Райские птицы поют, не нуждаясь в упругой ветке.

1994

НА ВОЗВРАЩЕНИЕ ВЕСНЫ

Весна наступила внезапно, как будто за ночь выстроив

около сотни скворешников, где раздаются песни.

Всюду много цветов, как в кинофильме выстрелов,

и Март откликается на женское имя Нэнси.

Вот мы и снова дожили до сносной температуры,

хотя дождь превращает Диззи Гиллеспи в лабуха,

и лучше на улицу в сумерках не выходить без дуры:

весной если что-то падает н`а голову, то не яблоко.

Мы все влюблены в астрономию, в космос вообще, в безвредную

пляску орбит, колец, эллипсов с ихней точностью.

Но входишь, бывало, в обшарпанную переднюю

и прежде, чем снять одежду, бесцельно топчешься.

Что если небесное тело в итоге не столько кружится,

сколько просто болтается без толку — что, на практике,

выражается в том, что времени года лужица

приятна своей бесформенностью, не говоря — галактике.

1994

* * *

После нас, разумеется, не потоп,

но и не засуха. Скорей всего, климат в царстве

справедливости будет носить характер

умеренного, с четырьмя временами года,

чтоб холерик, сангвиник, флегматик и меланхолик

правили поочередно: на протяженьи трех

месяцев каждый. С точки зрения энциклопедии,

это — немало. Хотя, бесспорно,

переменная облачность, капризы температуры

могут смутить реформатора. Но бог торговли

только радуется спросу на шерстяные

вещи, английские зонтики, драповое пальто.

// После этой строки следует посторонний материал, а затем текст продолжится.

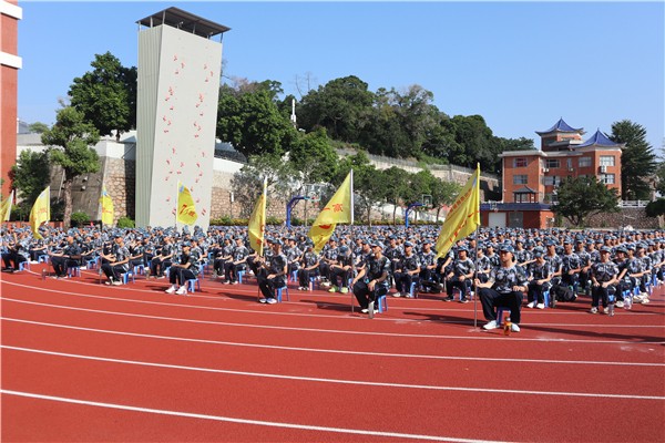 劉莉祥副校長作動員講話。他首先闡述了對軍訓的認識:軍訓是落實立德樹人根本任務的法定途徑、軍訓是磨煉意志力和提高綜合素質的育人途徑、軍訓是加強校風、學風、班風建設的管理途徑,讓同學們從思想上肯定軍訓的意義和價值。隨后他向同學們提出四點要求:一是端正思想,勤學苦練;二是遵守紀律,文明有禮;三是開展競賽,爭先創優;四是作風遷移,適應準軍事管理。希望同學們以飽滿的熱情、昂揚的斗志,出色的完成訓練任務,展現我校陽光自信的學生形象。

Его злейшие недруги — штопаные носки

и перелицованные жакеты. Казалось бы, дождь в окне

поощряет именно этот подход к пейзажу

и к материи в целом: как более экономный.

Вот почему в конституции отсутствует слово «дождь».

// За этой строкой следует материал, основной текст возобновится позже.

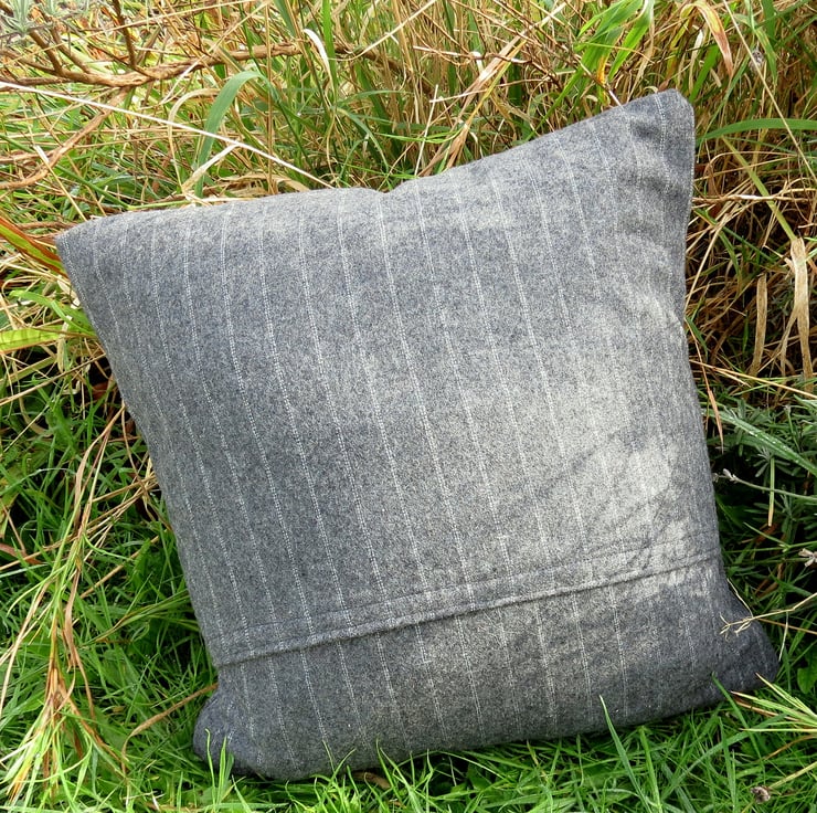 There is a deep envelope opening to the rear of the cushion, which is the same pinstripe grey fabric as the front.

В ней вообще ни разу не говорится

ни о барометре, ни о тех, кто, сгорбясь

за полночь на табуретке, с клубком вигони,

как обнаженный Алкивиад,

коротают часы, листая страницы журнала мод

в предбаннике Золотого Века.

1994

РОБИНЗОНАДА

Новое небо за тридевятью земель.

Младенцы визжат, чтобы привлечь вниманье

аиста. Старики прячут голову под крыло,

как страусы, упираясь при этом клювом

не в перья, но в собственные подмышки.

Можно ослепнуть от избытка ультрамарина,

незнакомого с парусом. Увертливые пир`оги

подобны сильно обглоданной — стесанной до икры! —

рыбе. Гребцы торчат из них, выдавая

тайну движения. Жертва кораблекрушенья,

за двадцать лет я достаточно обжил этот

остров (возможно, впрочем, что — континент),

и губы сами шевелятся, как при чтеньи, произнося

«тропическая растительность, тропическая растительность».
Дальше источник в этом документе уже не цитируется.